▸ **SUPPLIED DATA**:
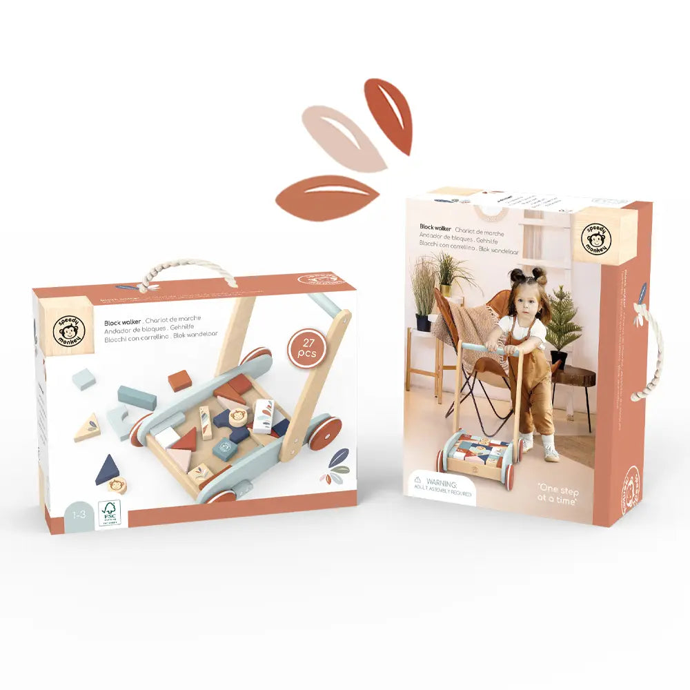 Wonderful toy for baby taking his first steps! Helps your little one to stand and walk, developing stability and essential balancing skills. The 27 colorful blocks included serve as weight for the wagon when baby pushes it but also add fun to stacking and building. This Block walker was designed with a brake system for your toddler's safety. This toy is crafted from sustainably sourced wood from FSC certified forests. Presented in a beautiful gift box.
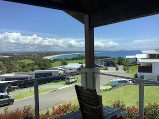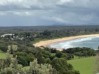 Next day Bill and I took a quiet walk on the beach for an hour in the sunshine. Only dog walkers and a few surfers were out that early - it was around nine thirty. Ten years ago we set out to walk from end to end of the beach you see in the picture - Diamond Beach - and we never made the whole nine miles. This time we did not attempt anything so ambitious. From the house it is an easy walk over the grass to the lookout point over the Pacific Ocean, and going down the five flights of steps (15-20 steps in each flight) was easy. Going back we stopped and enjoyed the view at every landing.
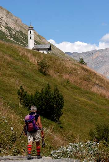 Vom Milchhof von Livigno, der Latteria, zum Pònt da li Càra und zum Passo Val Alpisella in den Livigno Alpen. Hier entspringt die Adda, der Fluss der auf seinem Verlauf durch die Lombardei durch den Como See fließt und in den Po mündet.
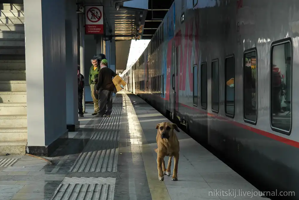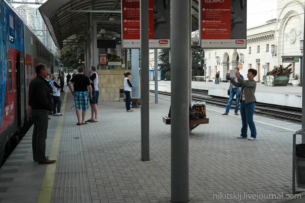 Прибыли в Адлер. Обратите внимание на разницу в высоте вагонов.

▸ **PROBLEM STATEMENT**: Each line from the one containing "Vom Milchhof von" through the end of the listing is to be set down exactly, with all pictures left out.

▸ **RESULT FOR THIS EXERCISE**:
 Vom Milchhof von Livigno, der Latteria, zum Pònt da li Càra und zum Passo Val Alpisella in den Livigno Alpen. Hier entspringt die Adda, der Fluss der auf seinem Verlauf durch die Lombardei durch den Como See fließt und in den Po mündet.
 Прибыли в Адлер. Обратите внимание на разницу в высоте вагонов.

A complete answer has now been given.